What are the decent arguments for leave though?
Larger numbers of immigration suppress wages, and this doesn't only affect unskilled, ~minimim wage employees but also things like trades; for working class people these were traditionally a reliable and effective way out of poverty, with plumbers, electricians etc in more or less predictable demand with good pay. A large influx of workers with these skills has suppressed wages significantly and spread the work for individuals thinner. Now for people like me - the aforementioned metropolitan liberals (lol) - this is great; we get cheaper services and we get to say "hey, look at all these great migrants, coming here, working hard, paying more taxes than they receive etc". Similarly, low wages at unskilled jobs keep priced down - also good for me. So yeah, thumbs up for immigration for me. But then, I don't work a minimum wage job whose only rises come when Osborne decrees it so, nor am I Dave the would-be plumber seeing my plan for my future massively altered in a negative way because the spark apprenticeship I did for however many years has been devalued a bunch.
I said on a previous page that I don't think that long term constitutional issues should be affected too much by short term political realities, so it annoys me a bit when I see people hand-wave away the £350m line by saying "that's a lie! We get some of it back as farm subsidies in Wales and, besides, do you really trust the Tories to spend that money wisely if we got it back?!" I mean, firstly, I'm not thrilled about the government subsidising farms in Wales anyway, so if they gutted that, good job BJ. But the idea that the EU is protecting us from our own electoral folly by taking our money and redistributing it is not only a bizarrely self-flaggilating view but it's also one framed entirely by who won one election last year. Are you (general you, not you you) ever going to trust a British PM and Chancellor to spend that money, or is it always better in the hands of the unswerving paragon's of the EU?
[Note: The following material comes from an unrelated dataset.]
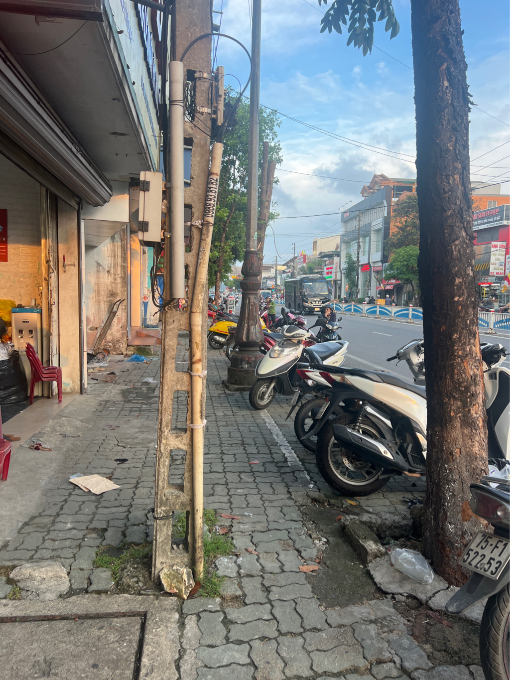 Hiện tại trước số nhà 47 An Dương Vương, phường An Đông, nằm trên tuyến đường đang được chỉnh trang đô thị lót gạch vỉa hè mà sao các cấp không cho hạ cáp điện thoại xuống chạy ngầm luôn mà vẫn còn cột viễn thông rất mất mỹ quan cản trở người đi bộ. Kính mong lãnh đạo các phòng ban quan tâm đến tuyến đường An Dương Vương để tạo mỹ quan thông thoáng cho bộ mặt thành phố.

Which brings me onto what I think is my last point and it's one I've banged a gong a bunch about before so I shan't dwell, but generally I'm in favour of localism and the EU is the antithesis of this. It's effective as a forum for pan-national issues, of course, but the problems with large kind-of elected bodies like this is the larger the electorate, the larger the bodies of people who end up disenfranchised become. Yeah it's PR (mostly) but a law either passes or it doesn't, ultimately. This same issue plagues every election, but the smaller the electorate, the smaller those disenfranchised groups become. Furthermore, the commission isn't elected by any reasonable definition of the word.
Now, my answer to all of these is "the benefits outweigh the negatives" but a) that doesn't mean the negatives don't exist and b) I don't think Dave the plumber is an idiot or a racist or a fascist for not wanting to remain a part of a union which has had such a significant, negative impact on his prospects.